The Consulate-General of the United Kingdom in Saint Petersburg was part of the diplomatic mission of the United Kingdom in the Russian Federation, before it was closed down in 2018. It was located on Lafonskaya Street in Tsentralny District.

The last British Consul General in Saint Petersburg was Monika Sangeeta Ahuja; she was appointed to the post in February 2017, and arrived there in December of the same year.

==History==
Before the October Revolution of 1917, the British embassy in Russia was seated in Saint Petersburg, in a palace overlooking the Troitsky Bridge. Diplomatic relations were then broken off. In 1924, after the Russian Civil War, Great Britain was the first foreign power to recognize the new Soviet government, sending an ambassador in 1924. However, he was provided with a palace at Boloto, on the Island, or Zamoskvorechye, near the Kremlin in Moscow. The British embassy remained there until 2000.

As the Russian Federation replaced the Soviet Union, the British Consulate-General in St.
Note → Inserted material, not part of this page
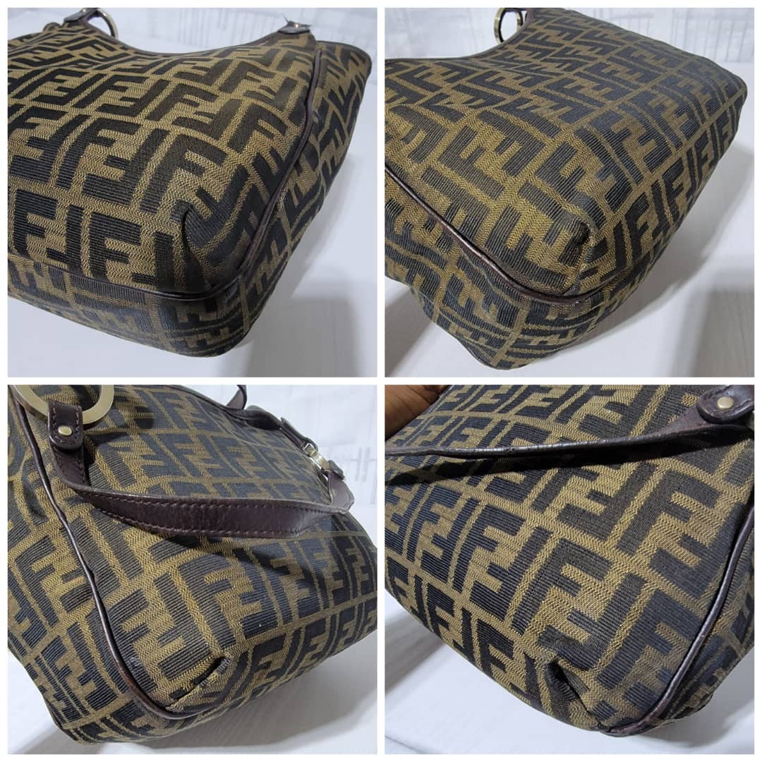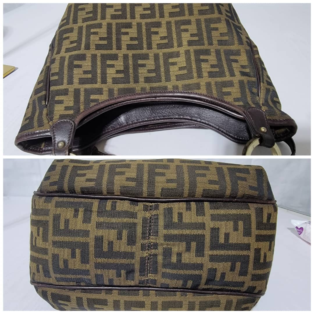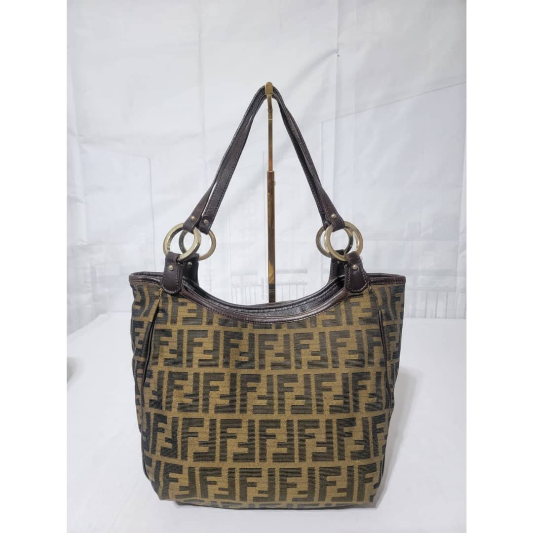 This authentic Fendi Tobacco Zucca chef moro Canvas And Leather Trim Chef Tote Bag is in it’s good pre-owned condition. The exterior canvas and leather trim is clean and beautiful. The brown leather trim and handle shows little rubbing. Interior is clean.

Petersburg was re-opened, and Barbara Hay was appointed as its first new Consul-General in 1992. The consulate would go on to operate for 26 years.

In 1997, the Consulate coordinated the British program of events in St. Petersburg dedicated to the three hundredth anniversary of Peter the Great's Embassy to Great Britain.

Throughout its work, the Consulate supported such traditional cultural events as the "Days of Scottish Culture in St. Petersburg", held annually since 1971.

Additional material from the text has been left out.